_Supplied information_
* * * * * * *

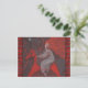 Postcard featuring "Red Horse" painting. Beautiful woman with long ginger hair riding on the scarlet red horse through the night forest. Stylised trees and flowers surrounding them, full moon watching from the sky. Red, grey, orange and brown colours. Fantasy art, pastel painting, drawn by imagination. Soft pastels on paper, 2016
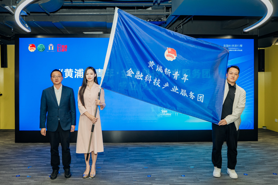 活动现场,“黄浦新青年·金融科技产业服务团”成立,服务团成员接受了聘书与旗帜,未来这些专业力量将致力于服务区域金融科技产业发展。
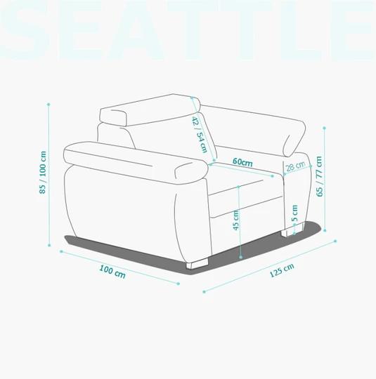 Moderní křeslo Seattle s polohovatelnými opěrkami hlavy i loktů přizpůsobí komfort na míru vašim potřebám.
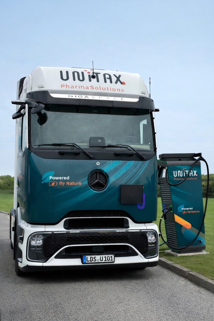 die Unitax Pharmalogistik GmbH hat am Hauptsitz Berlin-Schönefeld einen E-Lkw in Betrieb genommen; eine eigene Ladeinfrastruktur – gefördert vom Bundesministerium für Digitales und Verkehr – steht seitdem ebenfalls bereit.

* * * * * * *

_Assigned task_
Write every line of the data out again exactly, leaving out all images.

_Task output_
 Postcard featuring "Red Horse" painting. Beautiful woman with long ginger hair riding on the scarlet red horse through the night forest. Stylised trees and flowers surrounding them, full moon watching from the sky. Red, grey, orange and brown colours. Fantasy art, pastel painting, drawn by imagination. Soft pastels on paper, 2016
 活动现场,“黄浦新青年·金融科技产业服务团”成立,服务团成员接受了聘书与旗帜,未来这些专业力量将致力于服务区域金融科技产业发展。
 Moderní křeslo Seattle s polohovatelnými opěrkami hlavy i loktů přizpůsobí komfort na míru vašim potřebám.
 die Unitax Pharmalogistik GmbH hat am Hauptsitz Berlin-Schönefeld einen E-Lkw in Betrieb genommen; eine eigene Ladeinfrastruktur – gefördert vom Bundesministerium für Digitales und Verkehr – steht seitdem ebenfalls bereit.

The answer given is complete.